Но Роберт, похоже, ни о чем таком не догадывался. Он понизил голос до шепота:
– Я не сказал тебе о причинах, побудивших меня устроить этот бал.
Миллисент удивленно покачала головой:
– Что же это за причины?
– Пока не скажу. Доверься мне, тебе лучше не знать подробностей. Но у меня не будет времени похлопать Кори по плечу и пообщаться с ним, моим верным другом, столько, сколько требует наша давняя дружба. И я не хочу, чтобы он задавался вопросом о том, почему я не подхожу к нему. Я знаю, что у тебя и так полно забот, но не могла бы ты потанцевать с ним и пофлиртовать, просто отвлечь его немного?
Сердце Миллисент болезненно сжалось. Неужели Роберт знает о ее тайной страсти к Кори? Неужели он над ней насмехается?
Но нет, вид у него вполне серьезный.
– Я не умею флиртовать. – Это признание далось ей нелегко. – Я просто не знаю, как это делается.
Роберт усмехнулся:
– Тебе не надо ничего делать. Просто улыбайся и веди себя так, словно он тебе интересен. Он не слишком проницательный парень. Он поверит в то, что ты в него влюблена, и с удовольствием станет за тобой ухаживать.
– Там будет немало других девушек, гораздо красивее меня.

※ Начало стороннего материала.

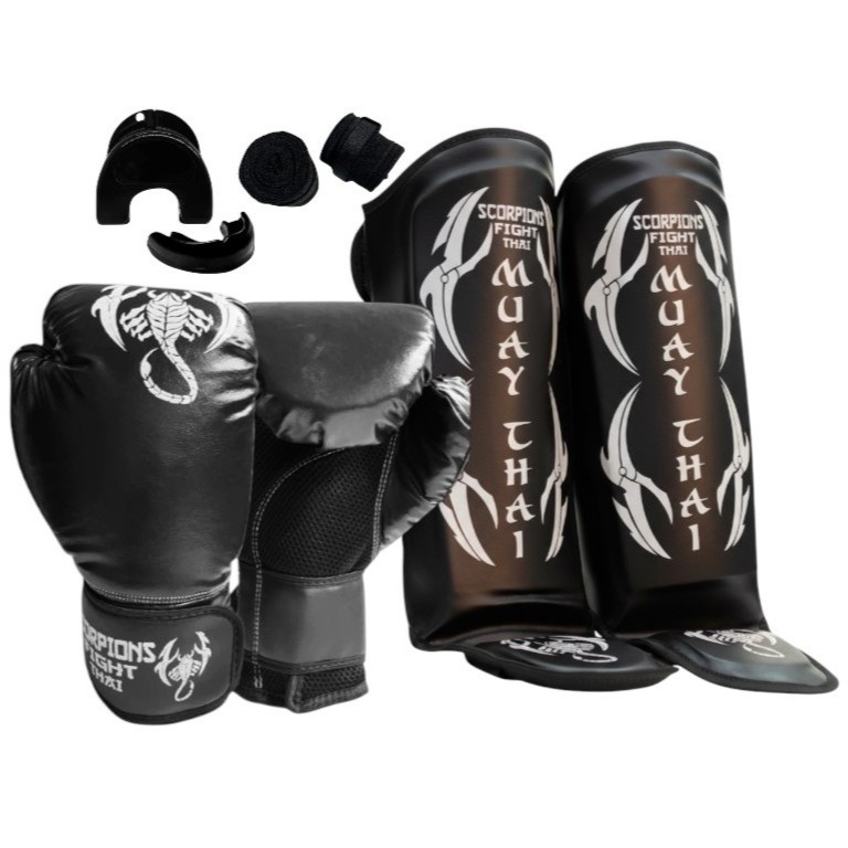 Kit Completo Muay Thai Luva + Caneleira + Bandagem + Bucal + Sacola Brinde

– Но ни одна из них не сравнится с тобой, Миллисент. Он сказал, что у тебя великолепная фигура. Оденься так, чтобы произвести на него впечатление. У тебя самая красивая в мире улыбка. Улыбайся ему. Плюс ко всему у тебя репутация женщины, невосприимчивой к флирту. Обещаю тебе, когда он поймет, что завоевал крепость, к которой никто до него и приблизиться не смел, он прикипит к тебе всем сердцем. – Роберт пожал руку сестры. – Тебе очень этого не хочется, сестра? Тогда я попытаюсь найти иной способ отвлечь его, менее эффективный.

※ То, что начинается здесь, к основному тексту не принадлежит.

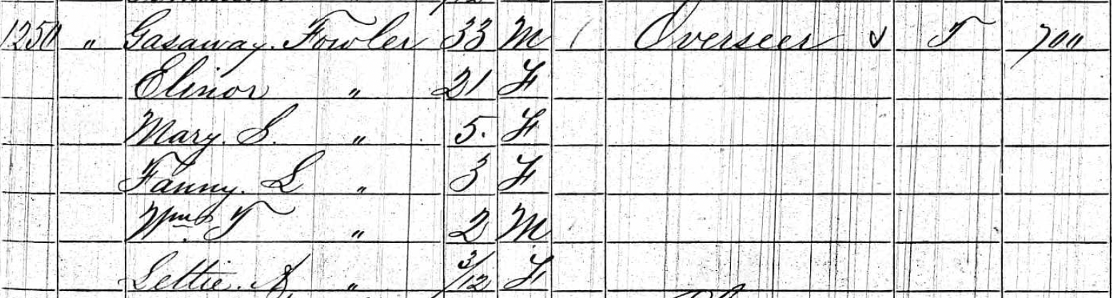 Everything thing else is speculation on my part. It is my theory that John Fowler in this 1860 census record was a son of John Fowler “The Elder” and his wife Fannie.

– Нет! Я с удовольствием тебе помогу, сделаю все, что в моих силах. – Миллисент сделала несколько глубоких вдохов.
– Хорошо. – Роберт хлопнул себя по коленям и поднялся. – Меня все больше восхищают твоя смелость и решительность, я в тебя верю. Сейчас мне надо уйти, но помни: ты должна отвлекать его весь вечер.
– Обещаю. – Миллисент словно сквозь туманную дымку смотрела вслед брату.
Уже подойдя к двери, он вернулся.
– Надеюсь, ты не откажешь мне еще в одной просьбе. Прими мой подарок. Я заказал тебе платье у госпожи Дабб. Говорят, она неплохо разбирается в моде. Она пообещала мне сшить для тебя платье, в котором ты будешь смотреться потрясающе. Но если платье тебе не понравится, не насилуй себя: надень то, в котором тебе будет более комфортно. Все твои платья смотрятся на тебе очень мило.
Роберт ушел. Ладони Миллисент стали липкими от пота. Он ею восхищен? Восхищен ее смелостью и решительностью? Он заметил, сколько всего она сделала, пока его не было? Он замечает то, как она ведет хозяйство? Он высоко ее ценит? Она с трудом понимала, что происходит.
Миллисент и в ранней юности считала себя почти невидимкой, а с годами в ней крепла уверенность, что ее замечают все меньше и меньше.
Но из слов Роберта следовало другое, и почему-то слова восхищения, услышанные из уст брата, изменили для нее все.